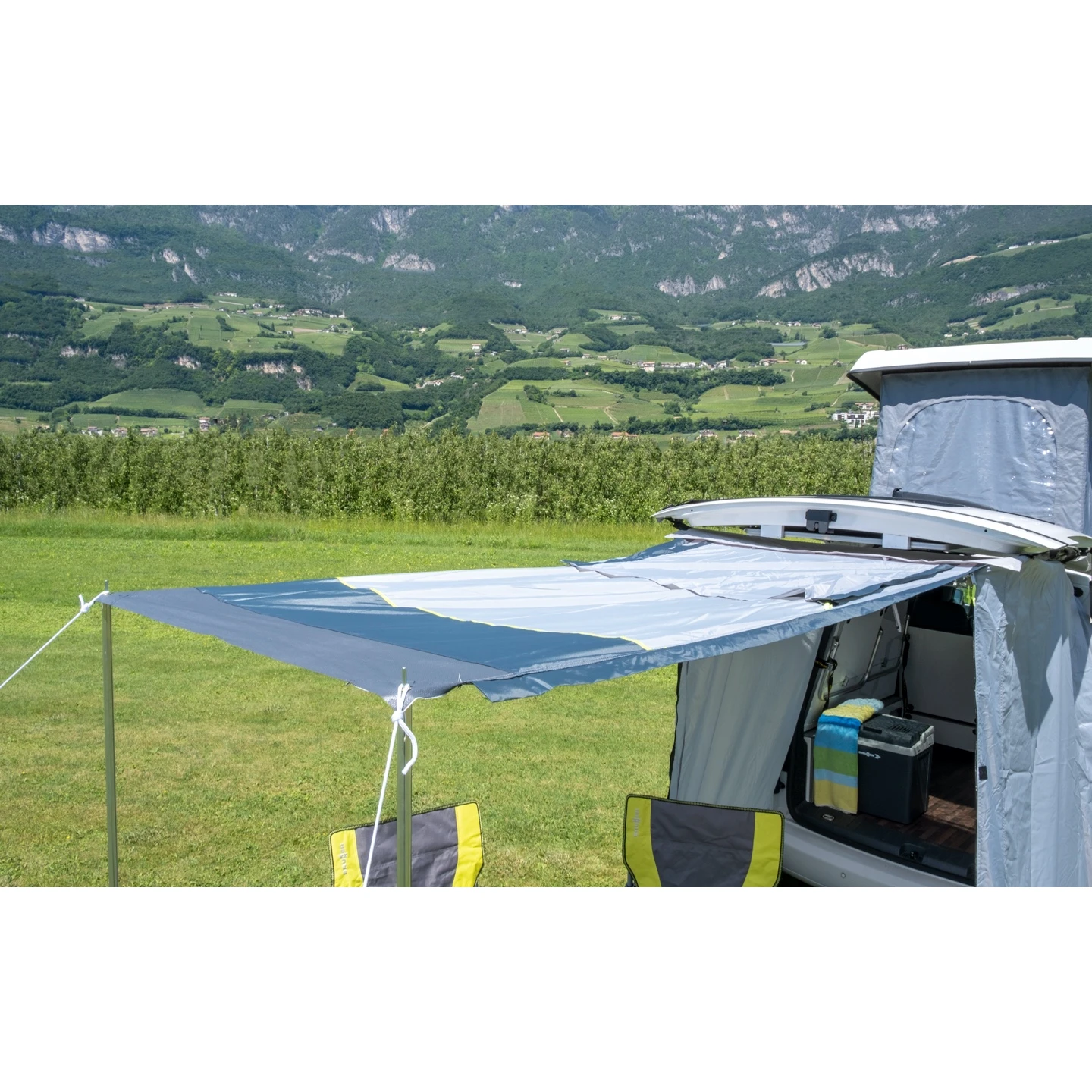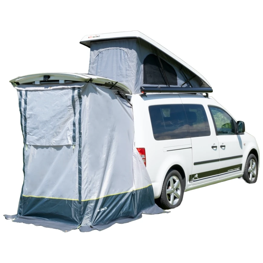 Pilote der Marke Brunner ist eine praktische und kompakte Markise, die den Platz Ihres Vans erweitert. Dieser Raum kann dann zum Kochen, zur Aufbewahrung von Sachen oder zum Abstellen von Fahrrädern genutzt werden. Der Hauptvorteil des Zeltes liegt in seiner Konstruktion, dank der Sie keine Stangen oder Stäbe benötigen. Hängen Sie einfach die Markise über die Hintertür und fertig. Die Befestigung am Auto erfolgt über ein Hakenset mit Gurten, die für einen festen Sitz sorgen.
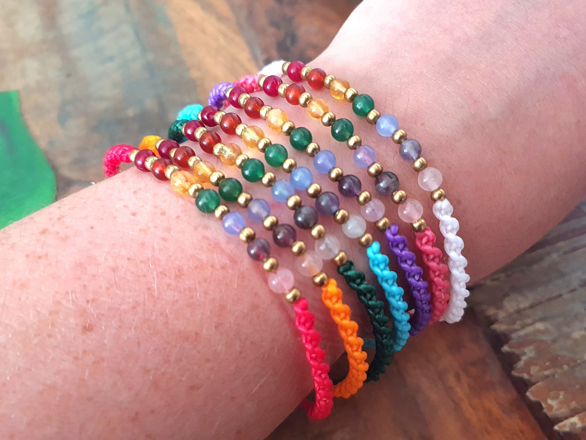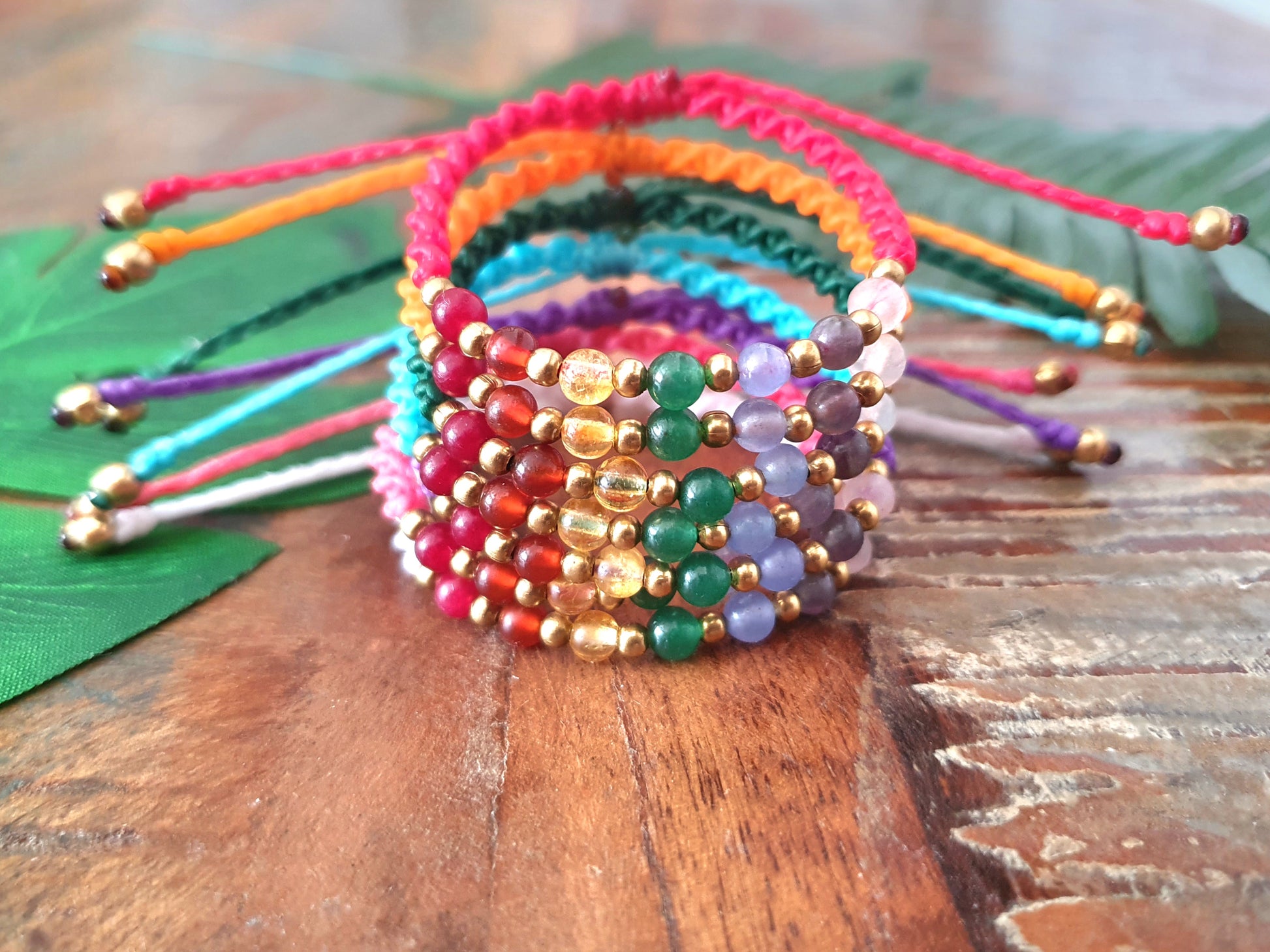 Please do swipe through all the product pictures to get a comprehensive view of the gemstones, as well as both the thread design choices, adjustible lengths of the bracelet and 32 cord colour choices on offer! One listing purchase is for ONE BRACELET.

-*-*-

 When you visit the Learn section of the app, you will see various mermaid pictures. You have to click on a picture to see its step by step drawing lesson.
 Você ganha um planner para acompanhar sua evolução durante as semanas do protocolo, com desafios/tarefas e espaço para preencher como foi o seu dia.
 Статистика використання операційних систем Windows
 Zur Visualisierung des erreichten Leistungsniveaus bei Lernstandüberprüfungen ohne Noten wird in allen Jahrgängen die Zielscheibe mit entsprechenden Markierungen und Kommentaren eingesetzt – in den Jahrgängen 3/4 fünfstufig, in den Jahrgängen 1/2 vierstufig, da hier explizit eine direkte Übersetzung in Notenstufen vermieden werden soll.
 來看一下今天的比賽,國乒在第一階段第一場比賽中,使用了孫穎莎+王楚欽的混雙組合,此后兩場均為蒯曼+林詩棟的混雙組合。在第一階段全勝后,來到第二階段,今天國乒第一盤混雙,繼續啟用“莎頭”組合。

-*-*-

§ Exercise description: Take the listing above and repeat exactly the lines from the one containing "Статистика використання операційних" through the one containing "來看一下今天的比賽,國乒在第", both included.

§ Worked solution:
 Статистика використання операційних систем Windows
 Zur Visualisierung des erreichten Leistungsniveaus bei Lernstandüberprüfungen ohne Noten wird in allen Jahrgängen die Zielscheibe mit entsprechenden Markierungen und Kommentaren eingesetzt – in den Jahrgängen 3/4 fünfstufig, in den Jahrgängen 1/2 vierstufig, da hier explizit eine direkte Übersetzung in Notenstufen vermieden werden soll.
 來看一下今天的比賽,國乒在第一階段第一場比賽中,使用了孫穎莎+王楚欽的混雙組合,此后兩場均為蒯曼+林詩棟的混雙組合。在第一階段全勝后,來到第二階段,今天國乒第一盤混雙,繼續啟用“莎頭”組合。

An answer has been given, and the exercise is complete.